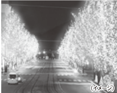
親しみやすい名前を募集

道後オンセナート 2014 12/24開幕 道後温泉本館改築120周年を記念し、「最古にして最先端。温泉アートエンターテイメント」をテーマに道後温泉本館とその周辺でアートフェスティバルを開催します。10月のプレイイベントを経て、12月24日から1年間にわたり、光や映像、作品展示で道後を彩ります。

---

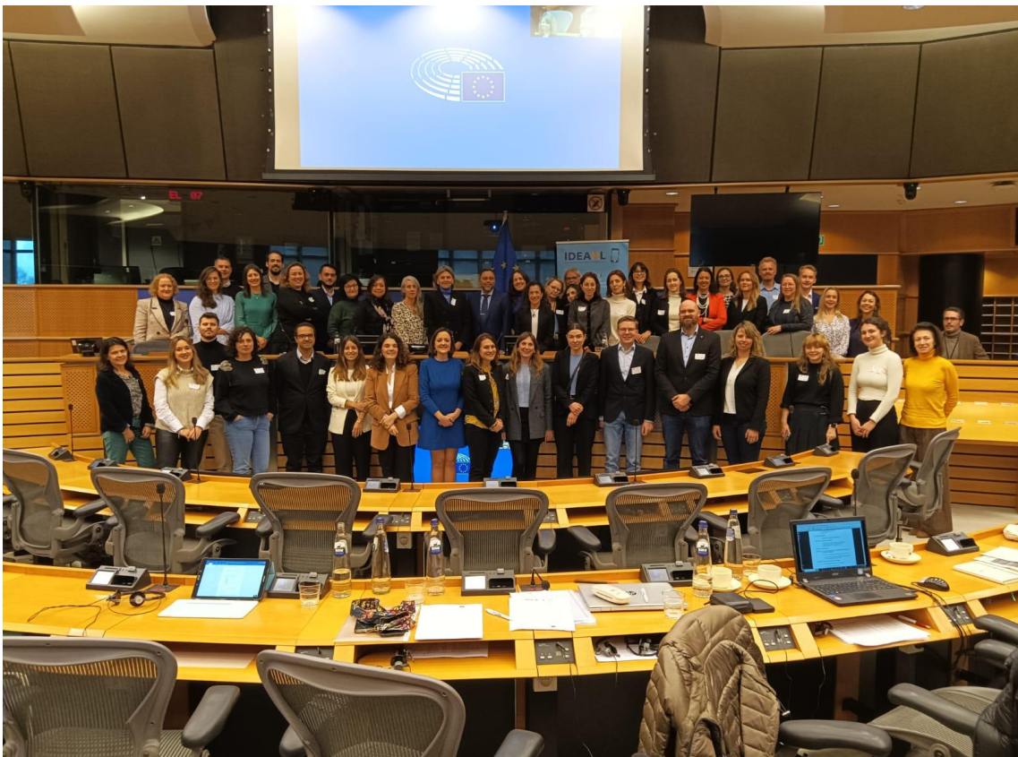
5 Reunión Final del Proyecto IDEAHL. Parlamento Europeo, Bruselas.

- [What you have to do]:
Everything above from the line containing "親しみやすい名前を募集" down to the line containing "道後オンセナート 2014 12/24開幕" is to be transcribed exactly, with both of those lines included and nothing else added.

- [Task output]:
親しみやすい名前を募集

道後オンセナート 2014 12/24開幕 道後温泉本館改築120周年を記念し、「最古にして最先端。温泉アートエンターテイメント」をテーマに道後温泉本館とその周辺でアートフェスティバルを開催します。10月のプレイイベントを経て、12月24日から1年間にわたり、光や映像、作品展示で道後を彩ります。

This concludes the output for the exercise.